> _Material to process_
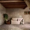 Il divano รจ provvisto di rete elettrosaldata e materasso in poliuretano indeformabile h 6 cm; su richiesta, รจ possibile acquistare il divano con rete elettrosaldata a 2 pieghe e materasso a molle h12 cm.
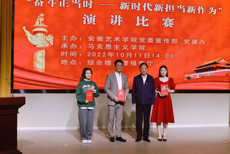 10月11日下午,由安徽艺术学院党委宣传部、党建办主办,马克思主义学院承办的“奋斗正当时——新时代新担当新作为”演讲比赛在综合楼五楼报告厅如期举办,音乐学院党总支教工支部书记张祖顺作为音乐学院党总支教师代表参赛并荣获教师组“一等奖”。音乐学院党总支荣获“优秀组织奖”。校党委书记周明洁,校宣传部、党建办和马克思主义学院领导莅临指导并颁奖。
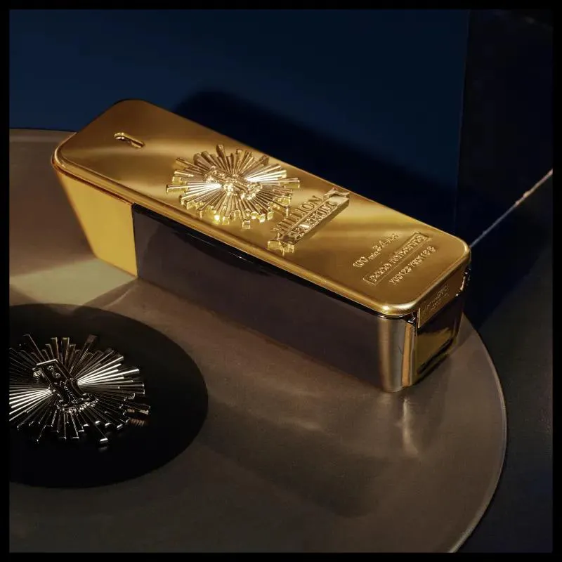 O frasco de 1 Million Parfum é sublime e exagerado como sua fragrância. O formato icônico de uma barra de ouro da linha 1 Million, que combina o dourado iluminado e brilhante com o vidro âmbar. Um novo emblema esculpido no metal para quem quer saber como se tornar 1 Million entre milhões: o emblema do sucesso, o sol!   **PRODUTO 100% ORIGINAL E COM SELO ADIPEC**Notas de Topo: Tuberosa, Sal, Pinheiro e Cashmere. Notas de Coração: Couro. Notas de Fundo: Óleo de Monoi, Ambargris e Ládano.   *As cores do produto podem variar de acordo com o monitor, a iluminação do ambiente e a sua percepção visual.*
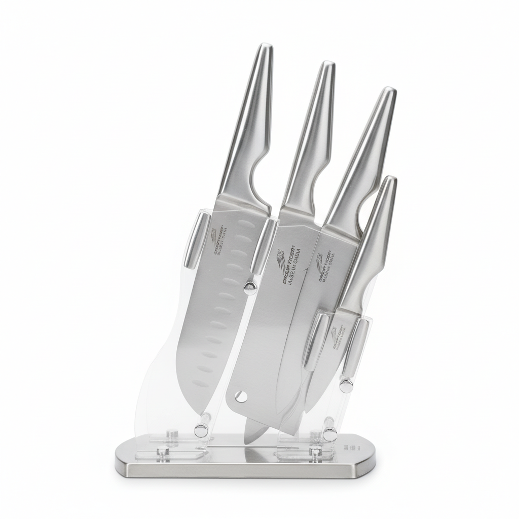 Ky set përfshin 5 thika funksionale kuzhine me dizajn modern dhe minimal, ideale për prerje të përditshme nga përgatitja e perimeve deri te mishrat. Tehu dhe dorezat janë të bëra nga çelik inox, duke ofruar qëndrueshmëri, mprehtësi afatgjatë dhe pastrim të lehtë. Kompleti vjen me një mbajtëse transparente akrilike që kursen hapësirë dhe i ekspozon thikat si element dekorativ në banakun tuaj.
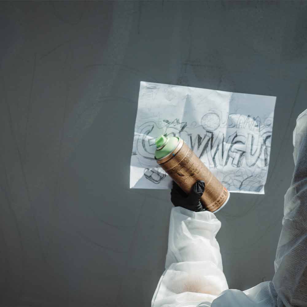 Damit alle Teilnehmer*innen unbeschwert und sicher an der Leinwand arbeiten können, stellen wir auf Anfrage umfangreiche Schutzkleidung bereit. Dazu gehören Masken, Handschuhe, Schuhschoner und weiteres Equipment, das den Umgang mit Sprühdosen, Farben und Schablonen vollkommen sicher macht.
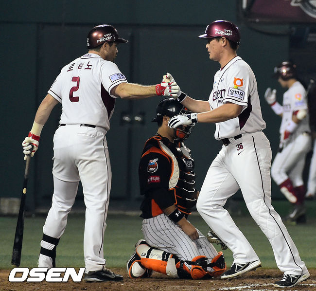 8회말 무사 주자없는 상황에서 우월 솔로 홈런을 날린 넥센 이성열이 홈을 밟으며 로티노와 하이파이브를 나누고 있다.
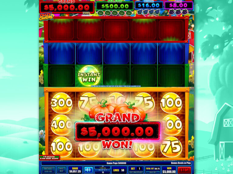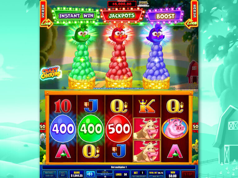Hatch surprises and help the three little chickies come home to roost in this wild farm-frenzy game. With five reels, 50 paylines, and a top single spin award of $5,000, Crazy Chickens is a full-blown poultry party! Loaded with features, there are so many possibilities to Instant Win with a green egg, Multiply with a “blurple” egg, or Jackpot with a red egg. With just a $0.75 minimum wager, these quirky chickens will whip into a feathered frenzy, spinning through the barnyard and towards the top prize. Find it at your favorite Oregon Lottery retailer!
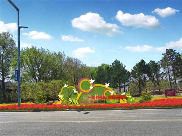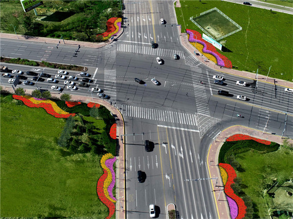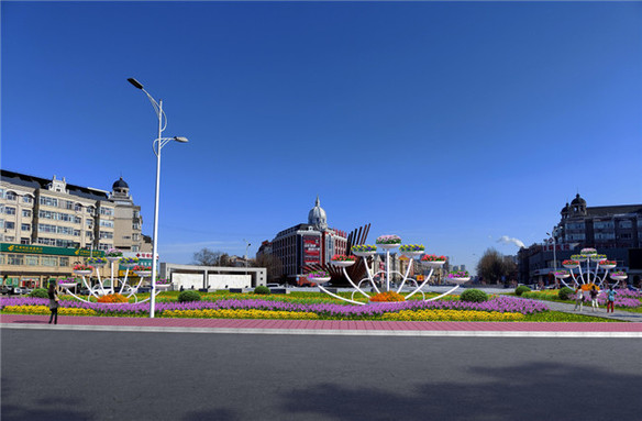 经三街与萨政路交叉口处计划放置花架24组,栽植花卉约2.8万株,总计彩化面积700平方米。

---

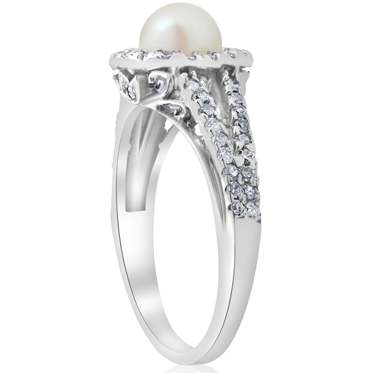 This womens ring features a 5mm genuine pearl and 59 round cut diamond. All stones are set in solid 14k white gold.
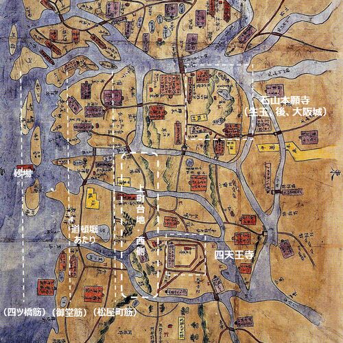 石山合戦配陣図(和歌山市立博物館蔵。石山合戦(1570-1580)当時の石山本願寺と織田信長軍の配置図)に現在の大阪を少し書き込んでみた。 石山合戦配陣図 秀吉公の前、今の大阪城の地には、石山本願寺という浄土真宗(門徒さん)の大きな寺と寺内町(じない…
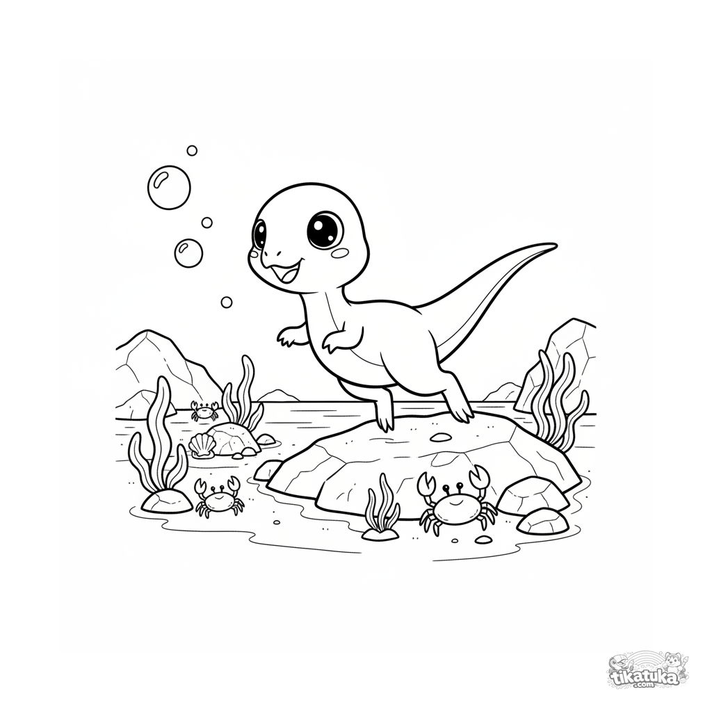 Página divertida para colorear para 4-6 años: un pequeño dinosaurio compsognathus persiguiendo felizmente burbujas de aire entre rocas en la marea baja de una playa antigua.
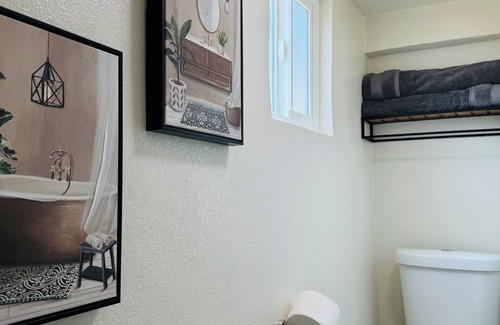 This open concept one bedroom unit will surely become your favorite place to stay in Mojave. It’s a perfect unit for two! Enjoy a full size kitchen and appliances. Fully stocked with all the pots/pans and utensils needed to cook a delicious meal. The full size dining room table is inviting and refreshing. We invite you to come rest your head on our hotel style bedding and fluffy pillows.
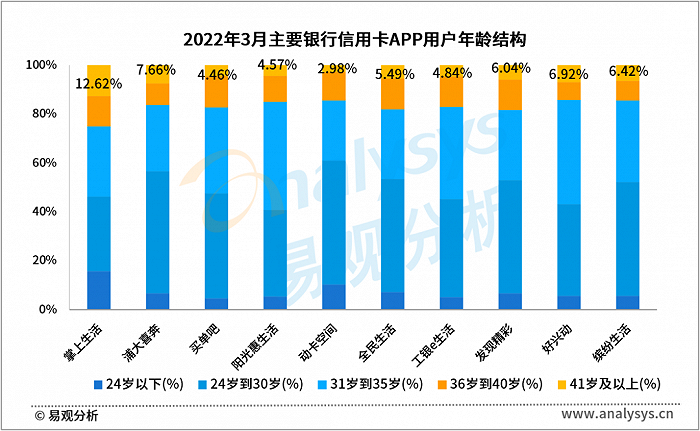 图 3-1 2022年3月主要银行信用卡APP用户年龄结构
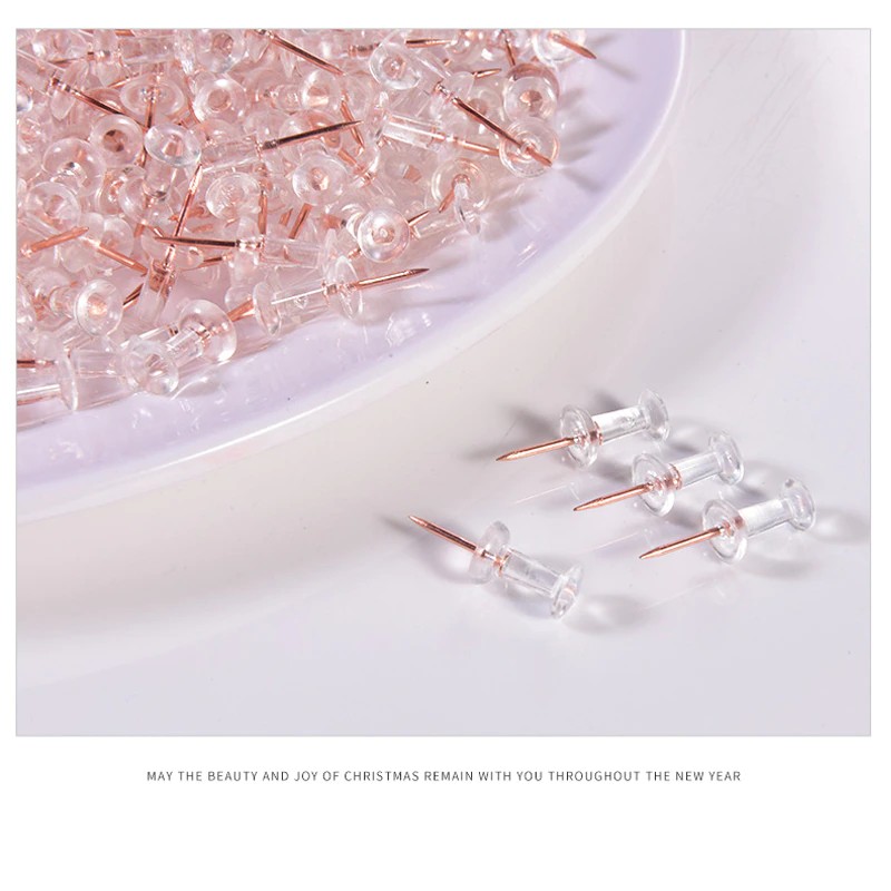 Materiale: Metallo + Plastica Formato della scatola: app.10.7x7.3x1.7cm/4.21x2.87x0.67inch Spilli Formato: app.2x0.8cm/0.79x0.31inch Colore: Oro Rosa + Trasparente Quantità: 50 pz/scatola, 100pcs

...

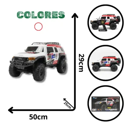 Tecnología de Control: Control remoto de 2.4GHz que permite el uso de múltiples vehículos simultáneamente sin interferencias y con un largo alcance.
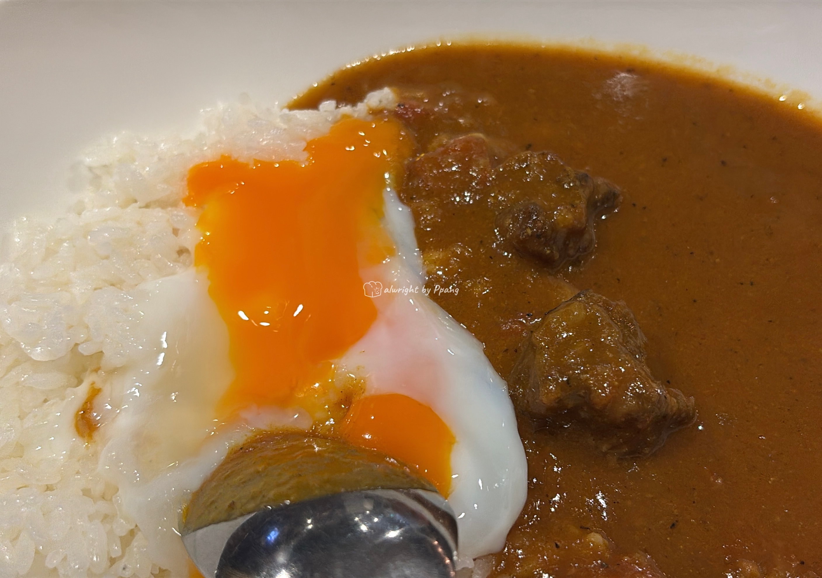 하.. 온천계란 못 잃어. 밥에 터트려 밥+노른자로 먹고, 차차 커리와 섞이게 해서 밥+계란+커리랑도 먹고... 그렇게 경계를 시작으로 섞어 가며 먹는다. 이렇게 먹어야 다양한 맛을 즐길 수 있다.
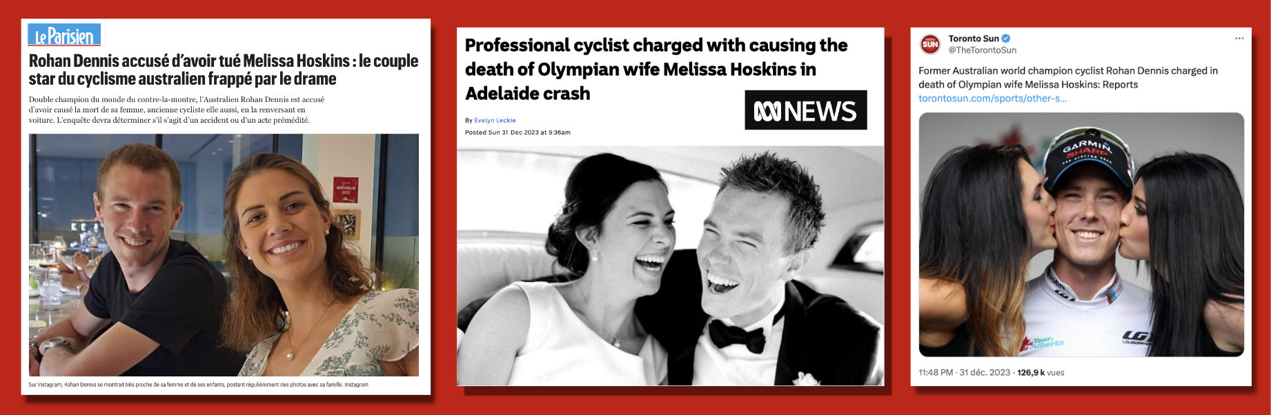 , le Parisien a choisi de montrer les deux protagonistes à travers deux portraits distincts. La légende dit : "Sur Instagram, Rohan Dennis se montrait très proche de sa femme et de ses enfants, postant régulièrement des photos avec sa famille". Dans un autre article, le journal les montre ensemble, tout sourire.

> _What the task asks_
Starting at the line above that has "Damit alle Teilnehmer*innen" and ending at the line that has "8회말 무사 주자없는", copy each line exactly, leaving the pictures out and adding nothing.

> _Response to the exercise_
 Damit alle Teilnehmer*innen unbeschwert und sicher an der Leinwand arbeiten können, stellen wir auf Anfrage umfangreiche Schutzkleidung bereit. Dazu gehören Masken, Handschuhe, Schuhschoner und weiteres Equipment, das den Umgang mit Sprühdosen, Farben und Schablonen vollkommen sicher macht.
 8회말 무사 주자없는 상황에서 우월 솔로 홈런을 날린 넥센 이성열이 홈을 밟으며 로티노와 하이파이브를 나누고 있다.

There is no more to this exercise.